### Exercise description
Where a picture appears, leave it out; copy everything else in the records exactly.
━━━━━━━━━━━━━━━━━━━━
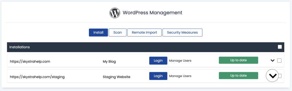 3. Locate your WordPress staging installation row and click the down arrow V
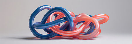 Photo of linked sapphire and vermilion rubber tubes artfully arranged against a plain backdrop, moment from everyday life, style 35mm, --ar 3 1 Job ID aacb7133-6534-4a47-97a7-aa2e04545417
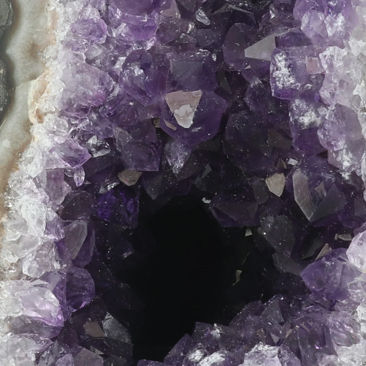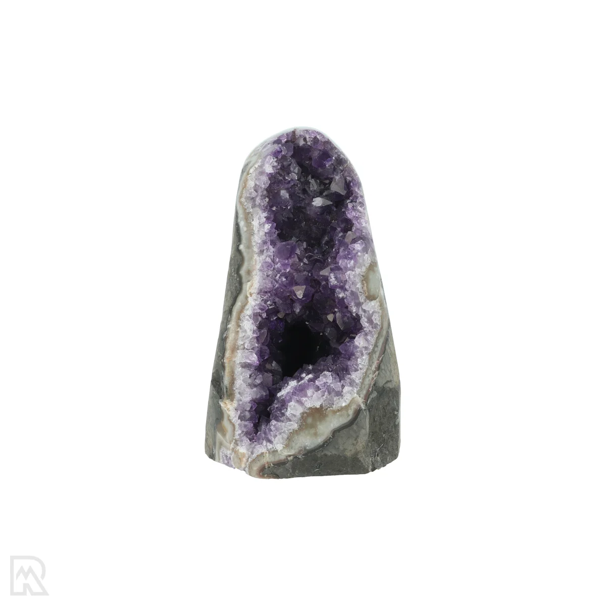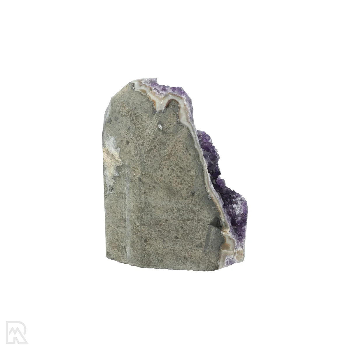 Amethist is de paarse variëteit van kwarts, gekleurd door sporen van ijzer en blootstelling aan natuurlijke straling. De kleur varieert van licht violet tot diep paars, en het kristalliseert vaak in zeshoekige prisma’s. Amethist wordt veel gebruikt als edelsteen en decoratief materiaal vanwege zijn aantrekkelijke kleur en transparantie.
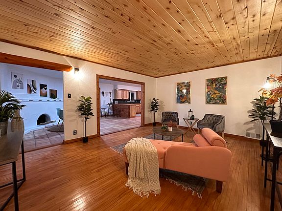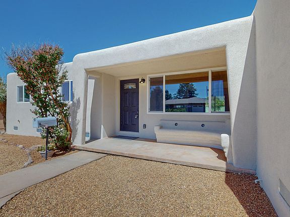 Beautiful Pueblo-style home in desirable NE Mesa Arriba! Completely renovated featuring lots of natural wood and Black / White Deco: new TPO Roof, new Marble White synthetic stucco, new windows, all new LED lighting and plumbing, new contemporary kitchen with Natural Hickory Cabinets, solid wood butcher block counters, new SS appliances, new electrical wiring throughout entire home, drain lines replaced w/PVC, complete new aesthetic bathrooms, original refurbished hard wood floors, gorgeous wood burning Santa Fe Kiva fireplace overlooking extra large dining space. Lovely bright open floor plan that still gives each space it's traditional feel. Freshly landscaped front and backyards. Enjoy the large covered patio while getting a sweet peek of the Sandias. Super convenient to many amenities
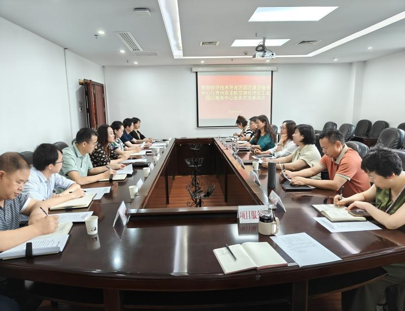 会上,贵州双龙航空港经济区工业园区服务中心、贵阳经开区园区建设服务中心双方就园区建设、产业发展、体制机制改革、园区管理、服务企业等方面的工作经验进行深入交流。经开区园区建设服务中心相关负责人表示,希望两区持续加强信息交流,促进双方在招商引资、人才引进等方面资源要素共享,围绕园区重点产业,积极发挥各自在先进装备制造、电子信息制造两项主导产业的优势,拓宽合作领域,实现产业合作双向赋能、发展共赢。经济区工业园区服务中心相关负责人表示,此次学习交流了经验、开拓了眼界,达成了合作共识,希望双方能够持续保持良好的合作共建关系。
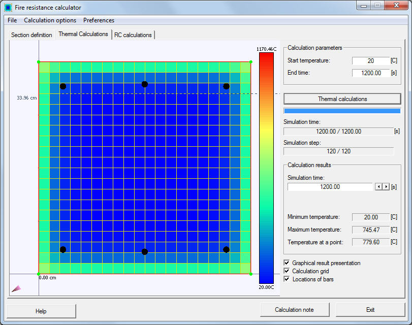 Click Calculations to start thermal calculations for a section. The calculation process is represented graphically in the cross section of an RC element (Graphical result presentation must be selected). Progress is represented by the progress bar and changing values of the simulation time and simulation step (see Parameters of thermal calculations).
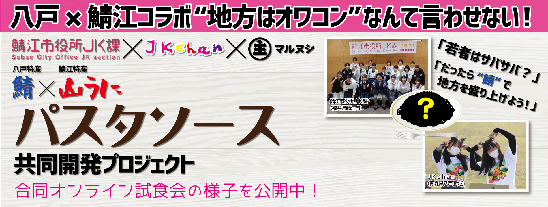 JKchanプロジェクトでは2022年1月から「鯖江市役所JK課®」の皆様と一緒に「地方を“オワコン”だなんて言わせない!」をテーマにした、青森県八戸市の特産食材「鯖」と、福井県鯖江市の特産品「山うに」を使った特製パスタソースの開発プロジェクトに取り組んでいます。
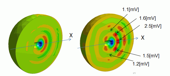 結果図1(a). 圧電体を取り除いたモデルの 結果図1(b).圧電体を含むモデルでの音圧分布(参考)
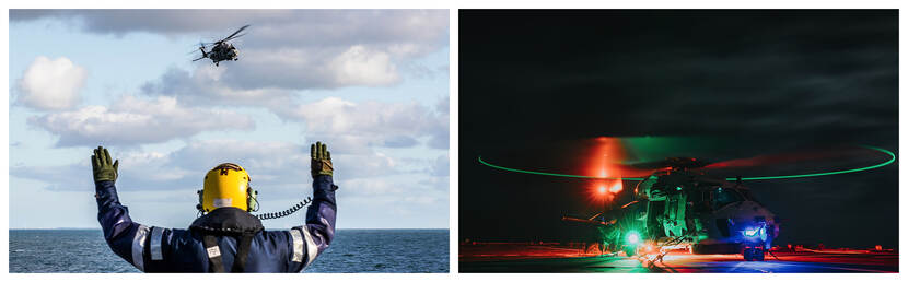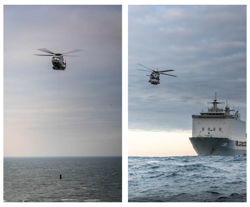 De NH90’s die jagen op de Nederlandse onderzeeboot Zr.Ms. Zeeleeuw doen dat samen met Zr.Ms. Johan de Witt en een Deens fregat. “In deze oefening werken we elk jaar samen met andere NAVO-landen. Een echte inzet moeten we immers met elke partner kunnen doen. Hoewel we allebei tot de NAVO en EU behoren, zijn procedures soms verschillend. Deze oefening verbetert onze samenwerking.”
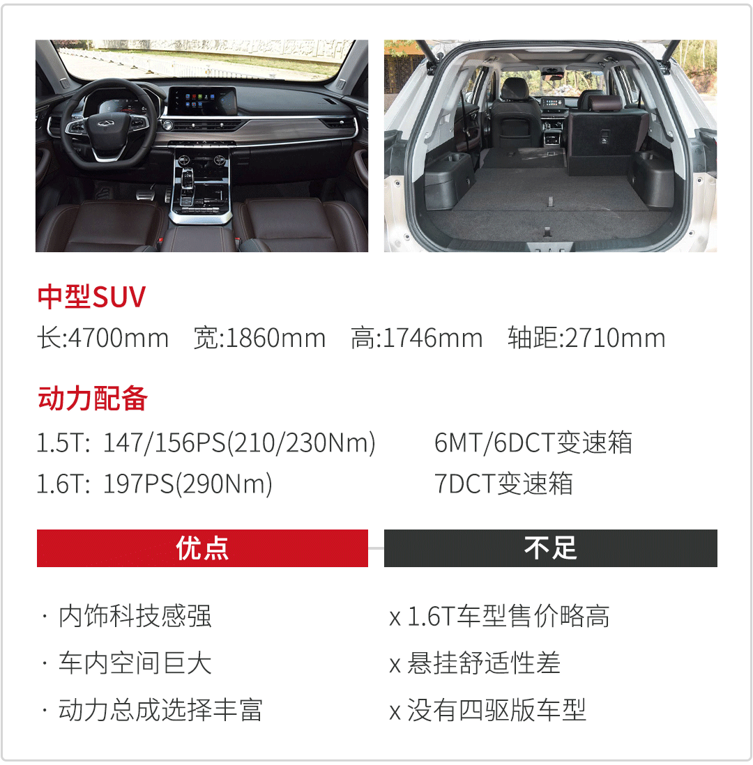 瑞虎8则是一台性价比非常高的自主品牌中型SUV,这首先体现在售价上,最低配手动挡车型售价不足9万,自动档车型的起步价也仅需10万出头,配置丰富程度和空间方面又足以吊打大部分同价位合资对手,而购买同尺寸相似配置的合资产品的话怎么也得20万往上了。并且瑞虎8还有三种动力可选,如果您的所在地暂未实施国6排放,那么可以买1.5T低功率版车型,如果您所在地即将实施国6且对动力要求不高,那就买1.5T高功率版,对动力有需求则买1.6T车型。
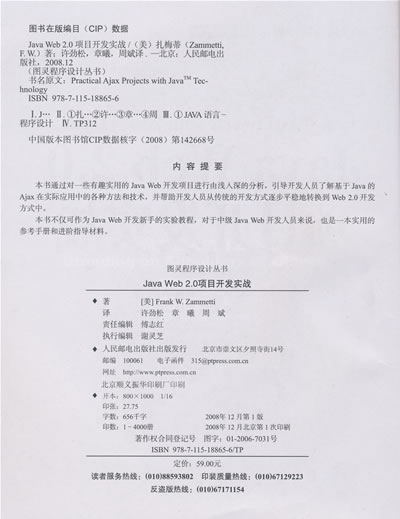 本书中,世界级专家通过7个极具实战价值的Web 2.0项目(包括对Gnmail、Flickr的模仿实现,以及网摘、聊天程序和纯Ajax游戏等),直观而生动地展示了。Java平台上Ajax相关的各种技术的综合运用,涉及Apact"le、Ant、AjaxTags、Struts、Prototype、DWR、Dojo等。每个项目都完整地讲解了从规划、设计到实现的全过程。并提供全部代码。这些项目不仅是很好的实战学习资料。其中很多内容还可以直接应用到自己的项目中,为你节省大量开发时间。
━━━━━━━━━━━━━━━━━━━━
### Exercise solution
 3. Locate your WordPress staging installation row and click the down arrow V
 Photo of linked sapphire and vermilion rubber tubes artfully arranged against a plain backdrop, moment from everyday life, style 35mm, --ar 3 1 Job ID aacb7133-6534-4a47-97a7-aa2e04545417
 Amethist is de paarse variëteit van kwarts, gekleurd door sporen van ijzer en blootstelling aan natuurlijke straling. De kleur varieert van licht violet tot diep paars, en het kristalliseert vaak in zeshoekige prisma’s. Amethist wordt veel gebruikt als edelsteen en decoratief materiaal vanwege zijn aantrekkelijke kleur en transparantie.
 Beautiful Pueblo-style home in desirable NE Mesa Arriba! Completely renovated featuring lots of natural wood and Black / White Deco: new TPO Roof, new Marble White synthetic stucco, new windows, all new LED lighting and plumbing, new contemporary kitchen with Natural Hickory Cabinets, solid wood butcher block counters, new SS appliances, new electrical wiring throughout entire home, drain lines replaced w/PVC, complete new aesthetic bathrooms, original refurbished hard wood floors, gorgeous wood burning Santa Fe Kiva fireplace overlooking extra large dining space. Lovely bright open floor plan that still gives each space it's traditional feel. Freshly landscaped front and backyards. Enjoy the large covered patio while getting a sweet peek of the Sandias. Super convenient to many amenities
 会上,贵州双龙航空港经济区工业园区服务中心、贵阳经开区园区建设服务中心双方就园区建设、产业发展、体制机制改革、园区管理、服务企业等方面的工作经验进行深入交流。经开区园区建设服务中心相关负责人表示,希望两区持续加强信息交流,促进双方在招商引资、人才引进等方面资源要素共享,围绕园区重点产业,积极发挥各自在先进装备制造、电子信息制造两项主导产业的优势,拓宽合作领域,实现产业合作双向赋能、发展共赢。经济区工业园区服务中心相关负责人表示,此次学习交流了经验、开拓了眼界,达成了合作共识,希望双方能够持续保持良好的合作共建关系。
 Click Calculations to start thermal calculations for a section. The calculation process is represented graphically in the cross section of an RC element (Graphical result presentation must be selected). Progress is represented by the progress bar and changing values of the simulation time and simulation step (see Parameters of thermal calculations).
 JKchanプロジェクトでは2022年1月から「鯖江市役所JK課®」の皆様と一緒に「地方を“オワコン”だなんて言わせない!」をテーマにした、青森県八戸市の特産食材「鯖」と、福井県鯖江市の特産品「山うに」を使った特製パスタソースの開発プロジェクトに取り組んでいます。
 結果図1(a). 圧電体を取り除いたモデルの 結果図1(b).圧電体を含むモデルでの音圧分布(参考)
 De NH90’s die jagen op de Nederlandse onderzeeboot Zr.Ms. Zeeleeuw doen dat samen met Zr.Ms. Johan de Witt en een Deens fregat. “In deze oefening werken we elk jaar samen met andere NAVO-landen. Een echte inzet moeten we immers met elke partner kunnen doen. Hoewel we allebei tot de NAVO en EU behoren, zijn procedures soms verschillend. Deze oefening verbetert onze samenwerking.”
 瑞虎8则是一台性价比非常高的自主品牌中型SUV,这首先体现在售价上,最低配手动挡车型售价不足9万,自动档车型的起步价也仅需10万出头,配置丰富程度和空间方面又足以吊打大部分同价位合资对手,而购买同尺寸相似配置的合资产品的话怎么也得20万往上了。并且瑞虎8还有三种动力可选,如果您的所在地暂未实施国6排放,那么可以买1.5T低功率版车型,如果您所在地即将实施国6且对动力要求不高,那就买1.5T高功率版,对动力有需求则买1.6T车型。
 本书中,世界级专家通过7个极具实战价值的Web 2.0项目(包括对Gnmail、Flickr的模仿实现,以及网摘、聊天程序和纯Ajax游戏等),直观而生动地展示了。Java平台上Ajax相关的各种技术的综合运用,涉及Apact"le、Ant、AjaxTags、Struts、Prototype、DWR、Dojo等。每个项目都完整地讲解了从规划、设计到实现的全过程。并提供全部代码。这些项目不仅是很好的实战学习资料。其中很多内容还可以直接应用到自己的项目中,为你节省大量开发时间。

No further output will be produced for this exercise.